__ASSIGNMENT__. What you give back must match the data exactly, minus the pictures.

__DATASET EXTRACT__.
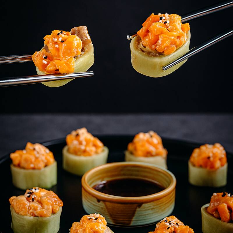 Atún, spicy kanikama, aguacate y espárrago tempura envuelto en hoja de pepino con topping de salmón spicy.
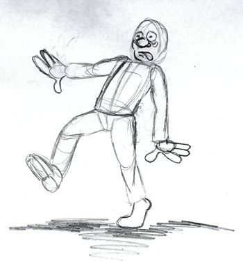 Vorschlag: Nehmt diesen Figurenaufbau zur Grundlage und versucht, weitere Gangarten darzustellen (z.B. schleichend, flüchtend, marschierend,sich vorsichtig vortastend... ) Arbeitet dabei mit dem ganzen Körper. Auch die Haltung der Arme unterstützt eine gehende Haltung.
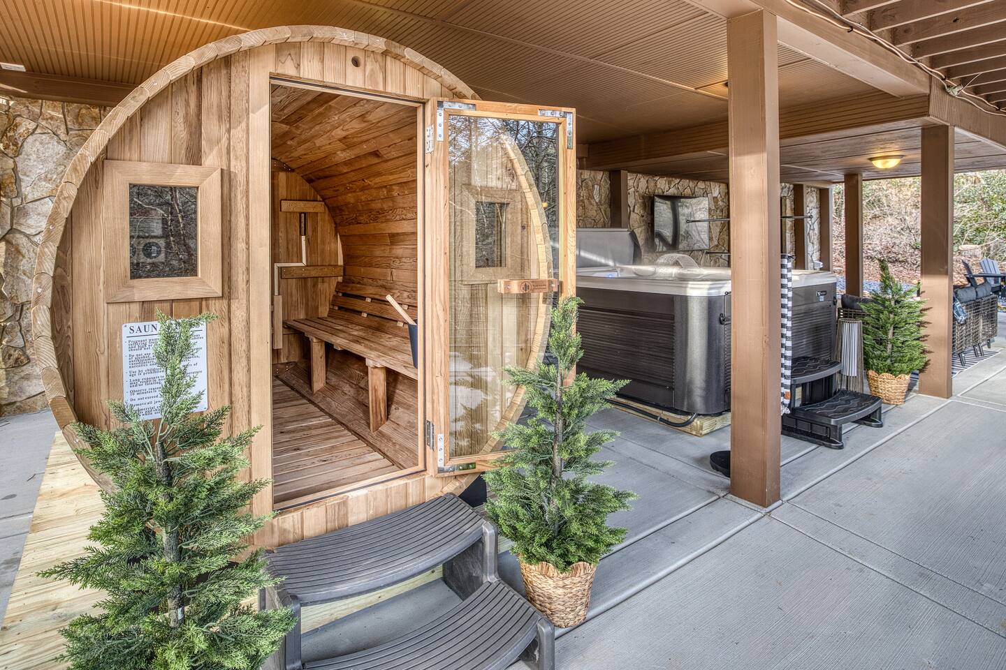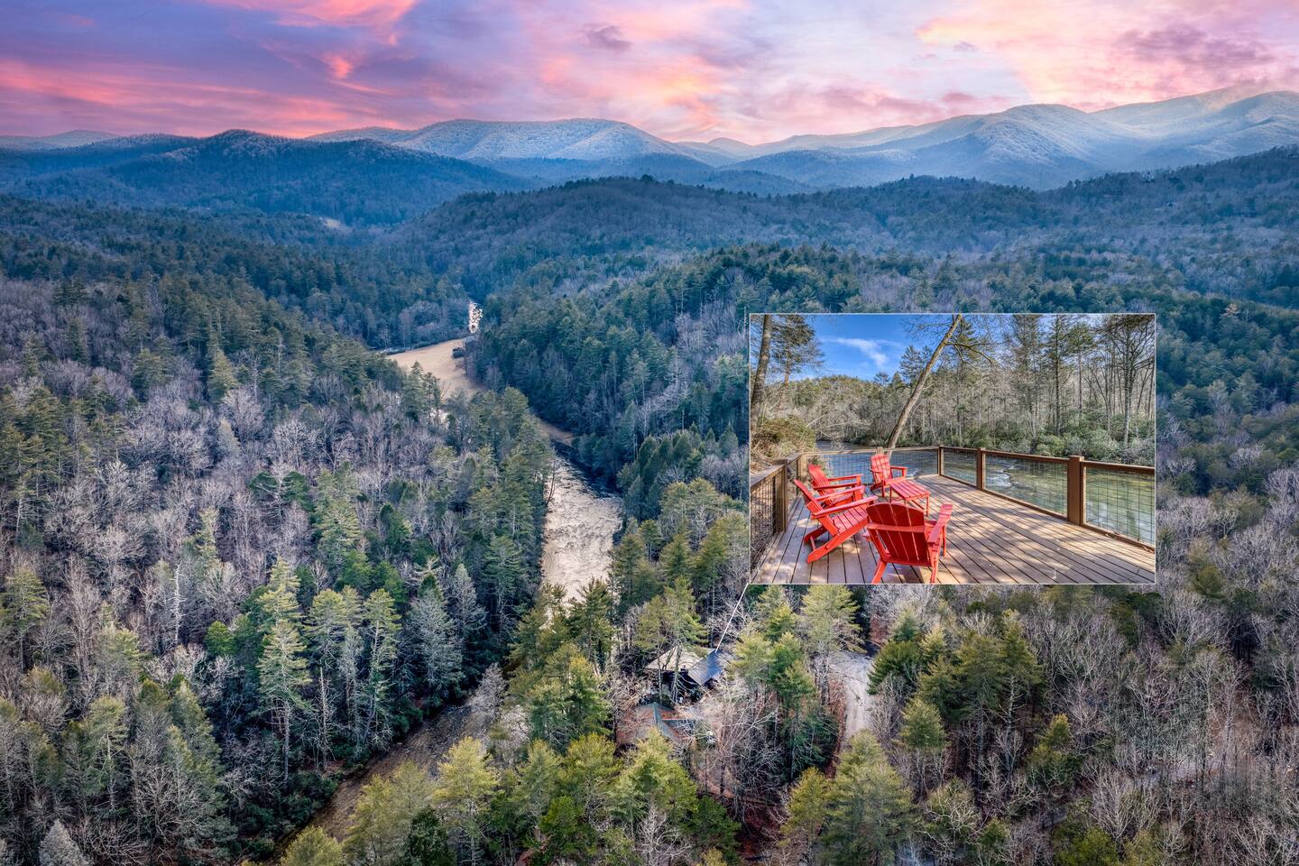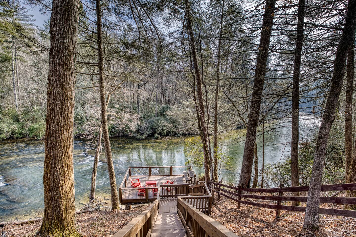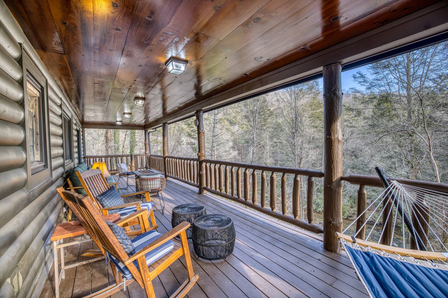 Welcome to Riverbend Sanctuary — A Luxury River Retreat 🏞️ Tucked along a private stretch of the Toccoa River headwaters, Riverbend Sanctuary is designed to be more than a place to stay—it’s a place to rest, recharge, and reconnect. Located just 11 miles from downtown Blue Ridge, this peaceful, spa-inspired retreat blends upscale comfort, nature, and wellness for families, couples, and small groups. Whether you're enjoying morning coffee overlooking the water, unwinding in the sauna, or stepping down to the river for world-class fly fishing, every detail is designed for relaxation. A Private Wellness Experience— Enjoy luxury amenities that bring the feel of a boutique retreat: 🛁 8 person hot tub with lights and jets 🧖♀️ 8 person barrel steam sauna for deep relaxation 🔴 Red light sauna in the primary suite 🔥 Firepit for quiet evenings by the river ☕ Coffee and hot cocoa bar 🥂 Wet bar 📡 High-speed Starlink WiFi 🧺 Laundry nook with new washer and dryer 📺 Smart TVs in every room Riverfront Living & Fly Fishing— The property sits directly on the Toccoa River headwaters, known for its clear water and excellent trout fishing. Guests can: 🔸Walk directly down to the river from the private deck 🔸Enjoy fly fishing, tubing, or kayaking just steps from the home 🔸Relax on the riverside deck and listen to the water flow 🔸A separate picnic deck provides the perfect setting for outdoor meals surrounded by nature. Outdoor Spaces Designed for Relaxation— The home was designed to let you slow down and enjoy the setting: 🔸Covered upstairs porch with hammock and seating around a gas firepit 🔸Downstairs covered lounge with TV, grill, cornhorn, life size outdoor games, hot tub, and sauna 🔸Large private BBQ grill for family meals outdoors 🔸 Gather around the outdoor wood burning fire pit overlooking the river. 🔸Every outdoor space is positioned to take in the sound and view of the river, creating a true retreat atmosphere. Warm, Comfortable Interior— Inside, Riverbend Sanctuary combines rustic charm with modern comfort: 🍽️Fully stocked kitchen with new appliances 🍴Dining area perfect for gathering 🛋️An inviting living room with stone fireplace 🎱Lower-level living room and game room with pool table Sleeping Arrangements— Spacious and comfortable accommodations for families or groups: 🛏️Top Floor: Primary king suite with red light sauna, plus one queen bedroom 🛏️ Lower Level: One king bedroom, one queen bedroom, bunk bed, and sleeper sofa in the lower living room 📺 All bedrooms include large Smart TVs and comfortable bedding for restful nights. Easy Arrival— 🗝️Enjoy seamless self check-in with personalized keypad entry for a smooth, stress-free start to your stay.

__PROBLEM SOLUTION__.
 Atún, spicy kanikama, aguacate y espárrago tempura envuelto en hoja de pepino con topping de salmón spicy.
 Vorschlag: Nehmt diesen Figurenaufbau zur Grundlage und versucht, weitere Gangarten darzustellen (z.B. schleichend, flüchtend, marschierend,sich vorsichtig vortastend... ) Arbeitet dabei mit dem ganzen Körper. Auch die Haltung der Arme unterstützt eine gehende Haltung.
 Welcome to Riverbend Sanctuary — A Luxury River Retreat 🏞️ Tucked along a private stretch of the Toccoa River headwaters, Riverbend Sanctuary is designed to be more than a place to stay—it’s a place to rest, recharge, and reconnect. Located just 11 miles from downtown Blue Ridge, this peaceful, spa-inspired retreat blends upscale comfort, nature, and wellness for families, couples, and small groups. Whether you're enjoying morning coffee overlooking the water, unwinding in the sauna, or stepping down to the river for world-class fly fishing, every detail is designed for relaxation. A Private Wellness Experience— Enjoy luxury amenities that bring the feel of a boutique retreat: 🛁 8 person hot tub with lights and jets 🧖♀️ 8 person barrel steam sauna for deep relaxation 🔴 Red light sauna in the primary suite 🔥 Firepit for quiet evenings by the river ☕ Coffee and hot cocoa bar 🥂 Wet bar 📡 High-speed Starlink WiFi 🧺 Laundry nook with new washer and dryer 📺 Smart TVs in every room Riverfront Living & Fly Fishing— The property sits directly on the Toccoa River headwaters, known for its clear water and excellent trout fishing. Guests can: 🔸Walk directly down to the river from the private deck 🔸Enjoy fly fishing, tubing, or kayaking just steps from the home 🔸Relax on the riverside deck and listen to the water flow 🔸A separate picnic deck provides the perfect setting for outdoor meals surrounded by nature. Outdoor Spaces Designed for Relaxation— The home was designed to let you slow down and enjoy the setting: 🔸Covered upstairs porch with hammock and seating around a gas firepit 🔸Downstairs covered lounge with TV, grill, cornhorn, life size outdoor games, hot tub, and sauna 🔸Large private BBQ grill for family meals outdoors 🔸 Gather around the outdoor wood burning fire pit overlooking the river. 🔸Every outdoor space is positioned to take in the sound and view of the river, creating a true retreat atmosphere. Warm, Comfortable Interior— Inside, Riverbend Sanctuary combines rustic charm with modern comfort: 🍽️Fully stocked kitchen with new appliances 🍴Dining area perfect for gathering 🛋️An inviting living room with stone fireplace 🎱Lower-level living room and game room with pool table Sleeping Arrangements— Spacious and comfortable accommodations for families or groups: 🛏️Top Floor: Primary king suite with red light sauna, plus one queen bedroom 🛏️ Lower Level: One king bedroom, one queen bedroom, bunk bed, and sleeper sofa in the lower living room 📺 All bedrooms include large Smart TVs and comfortable bedding for restful nights. Easy Arrival— 🗝️Enjoy seamless self check-in with personalized keypad entry for a smooth, stress-free start to your stay.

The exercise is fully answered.